======== DATA TO PROCESS ========
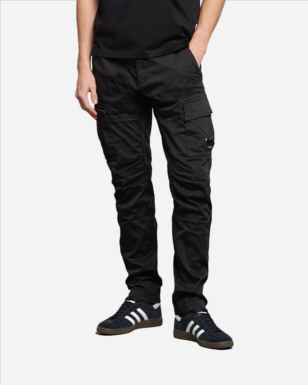 Cintura ajustable con cordón, cierre de botón y cremalleras, trabillas para cinturón, bolsillos laterales, bolsillos cargo con solapa, detalle de lente, bolsillos traseros con solapa, parche de logo bordado en la parte trasera, teñido en prenda, ajuste ergonómico. 98% ALGODÓN 2% ELASTANO
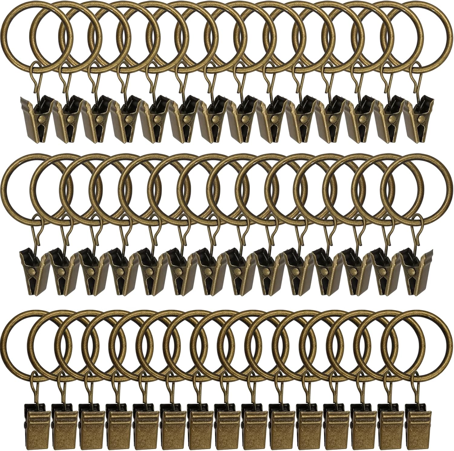 44 Pack Bronze Curtain Rings with Clips, Curtain Hooks Hangers Clip Rings for Hanging Drapes Bows Hat, Drapery Rings 1 in I D, Fits up to 5/8 in Diameter Curtain Rod.
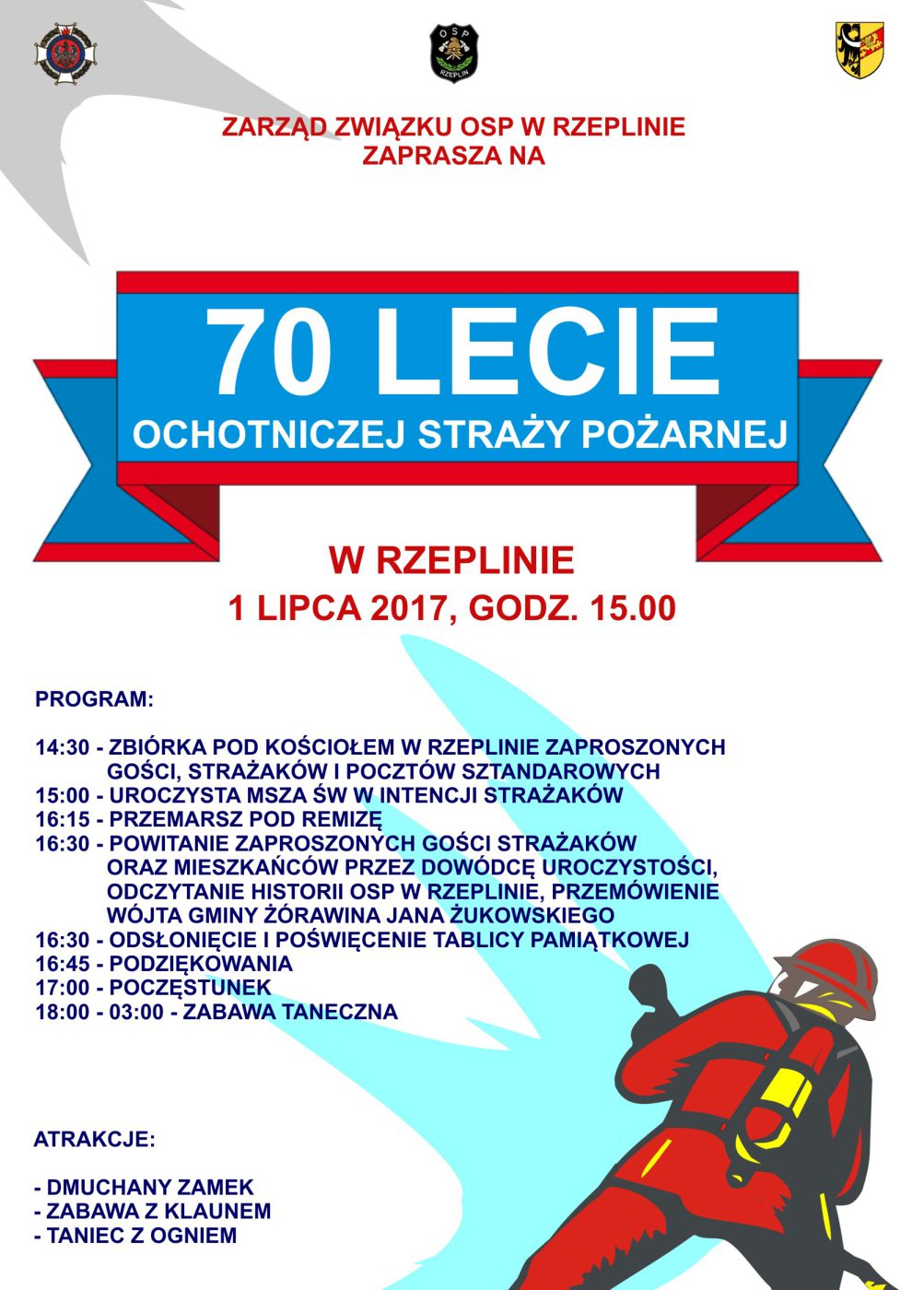 - 16:15 – PRZEMARSZ POD REMIZĘ 16:30 – POWITANIE ZAPROSZONYCH GOŚCI STRAŻAKÓW ORAZ MIESZKAŃCÓW PRZEZ DOWÓDCĘ UROCZYSTOŚCI, ODCZYTANIE HISTORII OSP W RZEPLINIE, PRZEMÓWIENIE WÓJTA GMINY ŻÓRAWINA JANA ŻUKOWSKIEGO
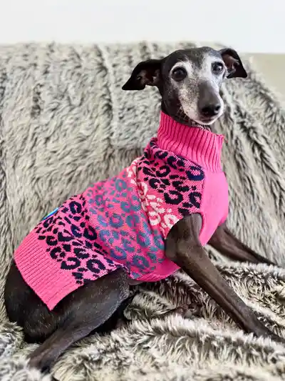Buzo para perros y gatos, manga sisa, cuello y ruedo en resorte, ojal en lomo para trailla, tejido en fibras recicladas.
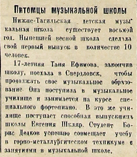 17-летняя Таня Ефимова, закончив школу, поехала в Свердловск, чтобы продолжать свое музыкальное образование. Она поступила в музыкальное училище и занимается на курсе специального фортепиано. В это же училище поступает способная выпускница школы Евгения Шкляр. Студент Борис Дедков успешно совмещает учебу в горно-металлургическом техникуме с занятиями в музыкальной школе.
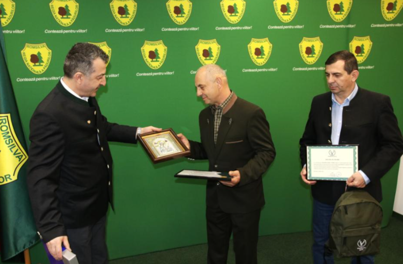 Romsilva l-a premiat pe pădurarul Aurel Frandeș, care a salvat două fetițe dispărute. Sursa foto: Romsilva/Facebook
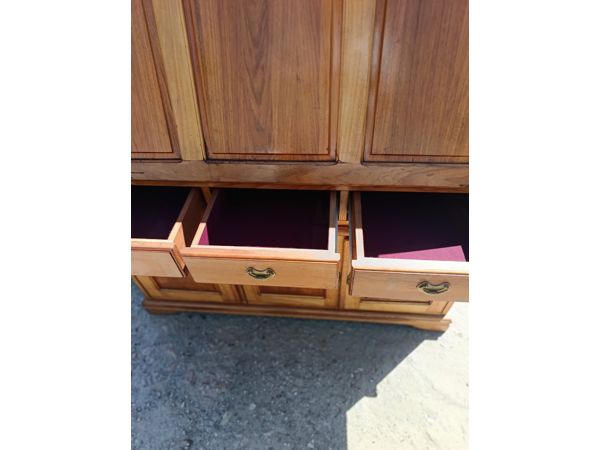 Wood Cabinet - Exquisite Craftsmanship & Timeless Elegance!A stunning antique wood cabinet, showcasing exceptional craftsmanship and sophistication. Description: - Material: Solid wood - Size: 1260wide 700mm deap 1430 high - Features: Intricately carved doors, drawers, and trim; ornate hardware This magnificent cabinet boasts a rich, warm patina and exceptional attention to detail. The intricate carvings and ornate hardware evoke a sense of luxury and refinement, making it a perfect addition to any discerning collector's home or office. Don't miss this rare opportunity to own a piece of history!
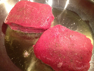 Filet Mignon, what a great cut of meat to cook when it's not convenient to grill outside.  I generally buy steaks like Porterhouse and Ribeye but I will only grill those.  So when the weather is not cooperating for outdoor cooking, I will get filets and cook them indoors without having to smoke out the entire house or worry about too much oil splatter etc.
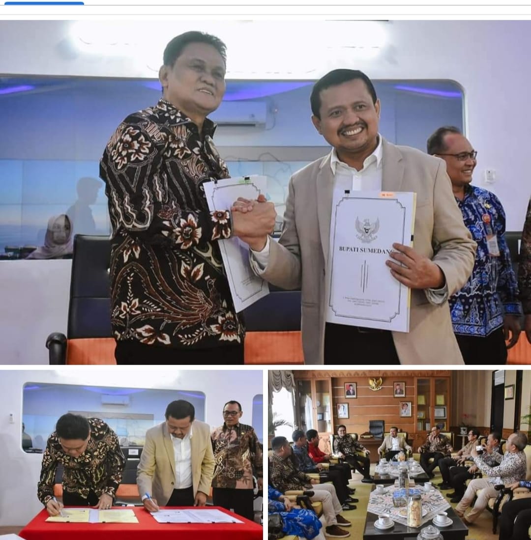 Penandatanganan MoU antara Bupati Barru Ir. H. Suardi Saleh M. Si dan Bupati Sumedang Dr. H. Dony Ahmad Munir, ST. MM tentang Kerjasama Penyelenggaraan Pemerintahan, Pembangunan dan Pengembangan Potensi Daerah berlangsung di Kantor Bupati Sumedang, Regol Wetan Sumedang, Kamis 7/9/2023.
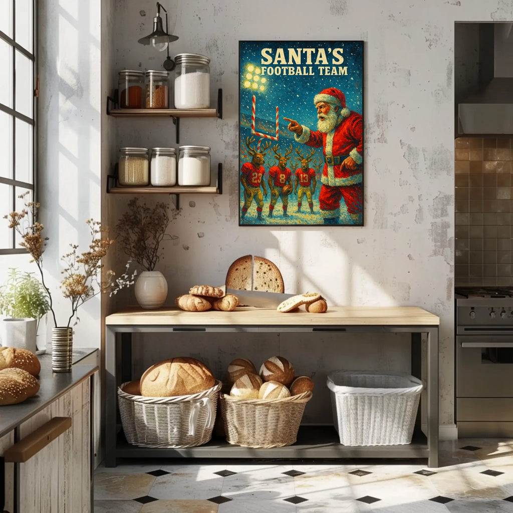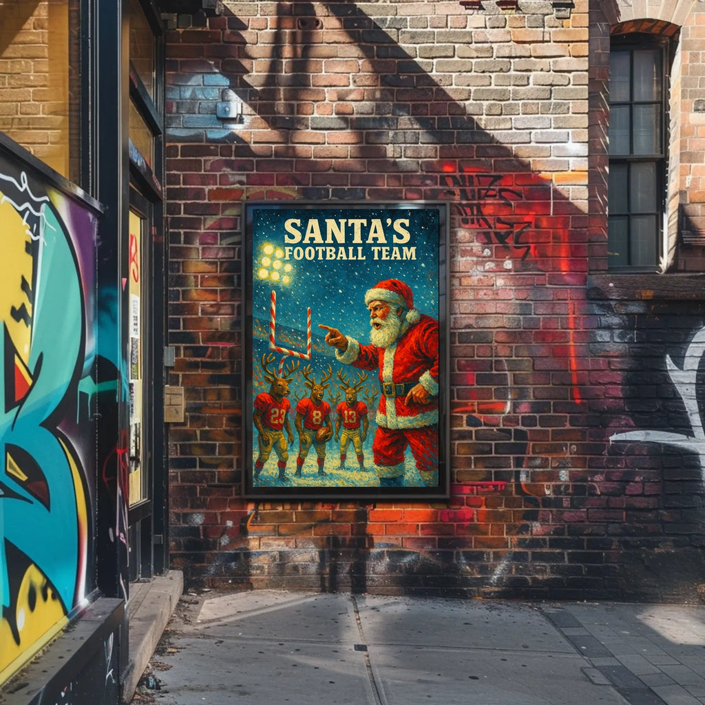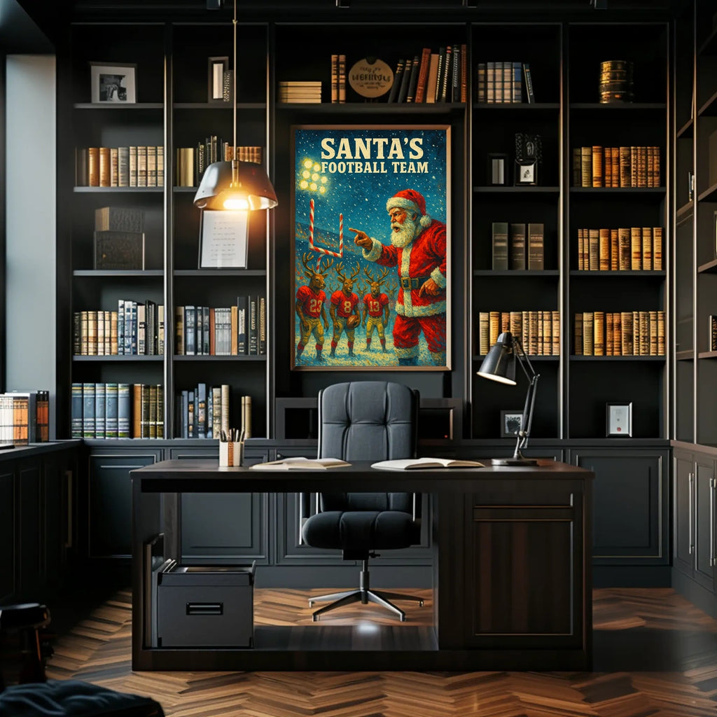 Printed with precision and made to inspire, this artwork is more than decoration—it’s a conversation piece that connects holiday cheer with sports enthusiasm. Add Santa Coaches Reindeer in Festive Football Scene to your home, classroom, or office, and let your walls tell a powerful story of joy, competition, and timeless charm.
========
The copy you write out must match the entries word for word, minus their pictures.

 Cintura ajustable con cordón, cierre de botón y cremalleras, trabillas para cinturón, bolsillos laterales, bolsillos cargo con solapa, detalle de lente, bolsillos traseros con solapa, parche de logo bordado en la parte trasera, teñido en prenda, ajuste ergonómico. 98% ALGODÓN 2% ELASTANO
 44 Pack Bronze Curtain Rings with Clips, Curtain Hooks Hangers Clip Rings for Hanging Drapes Bows Hat, Drapery Rings 1 in I D, Fits up to 5/8 in Diameter Curtain Rod.
 - 16:15 – PRZEMARSZ POD REMIZĘ 16:30 – POWITANIE ZAPROSZONYCH GOŚCI STRAŻAKÓW ORAZ MIESZKAŃCÓW PRZEZ DOWÓDCĘ UROCZYSTOŚCI, ODCZYTANIE HISTORII OSP W RZEPLINIE, PRZEMÓWIENIE WÓJTA GMINY ŻÓRAWINA JANA ŻUKOWSKIEGO
Buzo para perros y gatos, manga sisa, cuello y ruedo en resorte, ojal en lomo para trailla, tejido en fibras recicladas.
 17-летняя Таня Ефимова, закончив школу, поехала в Свердловск, чтобы продолжать свое музыкальное образование. Она поступила в музыкальное училище и занимается на курсе специального фортепиано. В это же училище поступает способная выпускница школы Евгения Шкляр. Студент Борис Дедков успешно совмещает учебу в горно-металлургическом техникуме с занятиями в музыкальной школе.
 Romsilva l-a premiat pe pădurarul Aurel Frandeș, care a salvat două fetițe dispărute. Sursa foto: Romsilva/Facebook
 Wood Cabinet - Exquisite Craftsmanship & Timeless Elegance!A stunning antique wood cabinet, showcasing exceptional craftsmanship and sophistication. Description: - Material: Solid wood - Size: 1260wide 700mm deap 1430 high - Features: Intricately carved doors, drawers, and trim; ornate hardware This magnificent cabinet boasts a rich, warm patina and exceptional attention to detail. The intricate carvings and ornate hardware evoke a sense of luxury and refinement, making it a perfect addition to any discerning collector's home or office. Don't miss this rare opportunity to own a piece of history!
 Filet Mignon, what a great cut of meat to cook when it's not convenient to grill outside.  I generally buy steaks like Porterhouse and Ribeye but I will only grill those.  So when the weather is not cooperating for outdoor cooking, I will get filets and cook them indoors without having to smoke out the entire house or worry about too much oil splatter etc.
 Penandatanganan MoU antara Bupati Barru Ir. H. Suardi Saleh M. Si dan Bupati Sumedang Dr. H. Dony Ahmad Munir, ST. MM tentang Kerjasama Penyelenggaraan Pemerintahan, Pembangunan dan Pengembangan Potensi Daerah berlangsung di Kantor Bupati Sumedang, Regol Wetan Sumedang, Kamis 7/9/2023.
 Printed with precision and made to inspire, this artwork is more than decoration—it’s a conversation piece that connects holiday cheer with sports enthusiasm. Add Santa Coaches Reindeer in Festive Football Scene to your home, classroom, or office, and let your walls tell a powerful story of joy, competition, and timeless charm.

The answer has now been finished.